By Leigh Thomas
PARIS (Reuters) – President Emmanuel Macron wants to build up French defence spending as Washington threatens to pull its European security guarantee, but funding those plans as his government struggles to tame an unruly deficit won’t be easy.
With one of the biggest budget deficits in the European Union, France is under mounting pressure to rein in overall spending and only passed its 2025 budget last month after weeks of delay in a deeply divided parliament.
Now, geopolitical headaches resulting from U.S. President Donald Trump’s rapprochement with Russia and his temporary freeze on military aid to Ukraine are likely to exert fresh pressure on France’s cost-cutting commitments.
“France is heading towards difficult budgetary trade-offs to reconcile the government’s commitment to lower budget deficits while increasing defence spending,” Scope Ratings agency said in a research note.
France is not alone in its push to put the economy on a war footing.
The parties hoping to form Germany’s next government on Tuesday agreed on a major debt overhaul, paving the way for massive spending on defence and infrastructure.

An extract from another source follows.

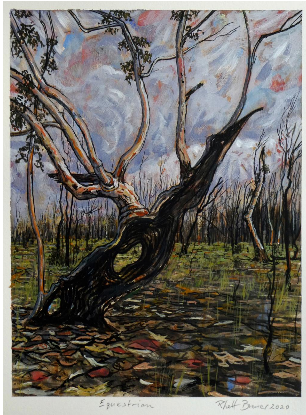
'Equestrian' 2020; acrylic on 640 g.s.m. watercolour paper, 33.9x28cm, $850

That same day, the European Commission proposed borrowing up to 150 billion euros to lend to EU governments under a rearmament plan. British Prime Minister Keir Starmer has said he would increase defence spending to 2.5% of GDP by 2027 and eventually target 3%.
‘GO FASTER AND HARDER’
Macron, who said he would address the nation on Wednesday evening at a “time of great uncertainty,” told Le Figaro newspaper this week that European countries needed to push defence spending to “around 3-3.5%”, substantially higher than the current 2% target for NATO members.
France is already increasing military spending by 3 billion euros ($3.15 billion) annually until 2030 under a long-term defence planning law, which Armed Forces Minister Sebastien Lecournu has said needs to be revised to reflect the new geopolitical realities.
France complies with NATO’s 2% target, but unlike most other members it funds a broader range of defence commitments, from a nuclear arsenal to an aircraft carrier and highly respected home-grown weapons programmes like its Rafale fighter jet.
However, to lift defence spending to 3% of GDP, France would need to find an extra 30 billion euros per year, according to Reuters calculations.
“We must go faster and harder,” Finance Minister Eric Lombard told Franceinfo radio on Tuesday, adding that welfare spending would not be sacrificed to pay the bill.
Nonetheless, Macron has said that tough budget choices are unavoidable, citing the example of the early 1960s when President Charles de Gaulle invested massively to build up France’s nuclear arsenal.
“We could have told General De Gaulle regarding the billions spent on nuclear dissuasion ‘Why not use it on French purchasing power instead?’,” Macron said.
POLITICAL WILL?
With the exception of the far left, most French parties are comfortable with raising defence spending, but there is much less of a consensus on how to pay for it, especially if it requires big cuts elsewhere.
Opposition parties ousted the last prime minister, conservative Michel Barnier, in December when he tried to push through big spending cuts to rein in the deficit under pressure from ratings agencies and rising debt payments.
As Britain hikes defence spending, London is planning to cut its development aid, a move France would find difficult after having already slashed such outlays by more than 30% in the 2025 budget.
While ruling out corporate tax hikes to fund defence, Lombard said the wealthy could contribute more, which should please parties on the left like the Socialists who have called for “fiscal patriotism” to finance defence.
The government also has no wiggle room this year as it seeks to narrow its budget deficit to 5.4% of GDP on the way to the EU’s target ceiling of 3% in 2029.
A proposal from the European Commission to carve out defence spending from the EU limit would ease some of the political pressure, although that does little to ease France’s growing pile of debt.
“We’ve got budget constraints,” Lombard said. “We’ve got 3.3 trillion euros in debt, which means each year we pay our lenders more than 50 billion euros, which is about as much as the defence budget.”